El poder de no tener nada más que tiempo.

09/11/2022

Cayetana Cabezas.

Cayetana Cabezas

Cayetana Cabezas

De ninguna otra etapa de la vida se habla con menos memoria que de la juventud. Uno dice “cuando yo era joven”, sí, pero casi siempre desde la nostalgia que da haber perdido aquel excedente de vida, no tanto desde la empatía, la compasión o el agradecimiento a los miedos, las ganas y las contradicciones de entonces. Es más, para paliar esta nostalgia, nos acariciamos el lomo unos a otros, alabando cómo mejoramos con los años “como el buen vino”, ignorando que este solamente gana con el tiempo en las condiciones adecuadas, es decir, si el contexto lo cuida y lo potencia.

Ser joven es necesariamente espera y habitualmente prisa. Dejar de serlo se traduce en un pacto de silencio con el recuerdo. Y es en este olvido, propio de la sensación de adultez, cuando decimos “los jóvenes de ahora” esto, “los jóvenes de ahora” lo otro o “¿Qué sabrás tú?¡Una guerra tendrías que haber vivido!”. Proponemos hambre, dolor y ausencia para saber lo que es bueno, ¡qué paradoja! El coste de la cultura del esfuerzo es alto en sacrificio y bajo en escrúpulos. Nos pide más aguante y menos cuestionar el bien o el mal.

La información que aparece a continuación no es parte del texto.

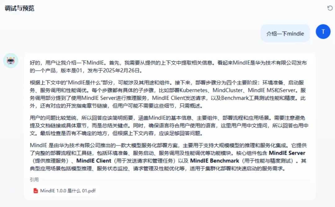 创建聊天助手,进行测试。

El filósofo Carlos Javier González Serrano escribía hace días: «El “para” –es decir, la utilidad y el provecho– es el nuevo ídolo de nuestro tiempo: nada se hace sin que encierre un beneficio determinado.» Por eso llevamos encima un dispositivo electrónico que nos informa a tiempo real de las noticias, nos ofrece la posibilidad de producir o consumir desde cualquier rincón del planeta e incluso contabiliza cada uno de nuestros pasos por él. Hasta el desplazamiento, que podría no implicar más que el puro placer de la contemplación o el descanso entre tareas, se vuelve asimismo rentable. Nos creemos informados y localizables, pero estamos (también) informando y localizados. El algoritmo se retroalimenta de nosotros; necesita que pasemos la mayor cantidad de tiempo posible delante de la pantalla para registrar nuestro comportamiento y adelantarse así a predecir lo que a continuación querremos. Nos estimula generando exponencialmente más emociones, más deseos y, por ende, nuevas necesidades donde no las había (parece ser que el mercado económico va de eso). Y los jóvenes son, por naturaleza, sempiternos necesitados de lo inédito; viven a caballo entre pertenecer a algo y romper con todo. Por eso son el target perfecto de cada experimento. Sin embargo, la crítica genérica, en lugar de mirar a quien crea la adicción, de la misma manera que en los 80 señalaba a los yonkies y no a los traficantes que se enriquecían con ellos, hoy apunta a la juventud como problema y no a las empresas que fagocitan metódicamente lo único que tienen: Su tiempo.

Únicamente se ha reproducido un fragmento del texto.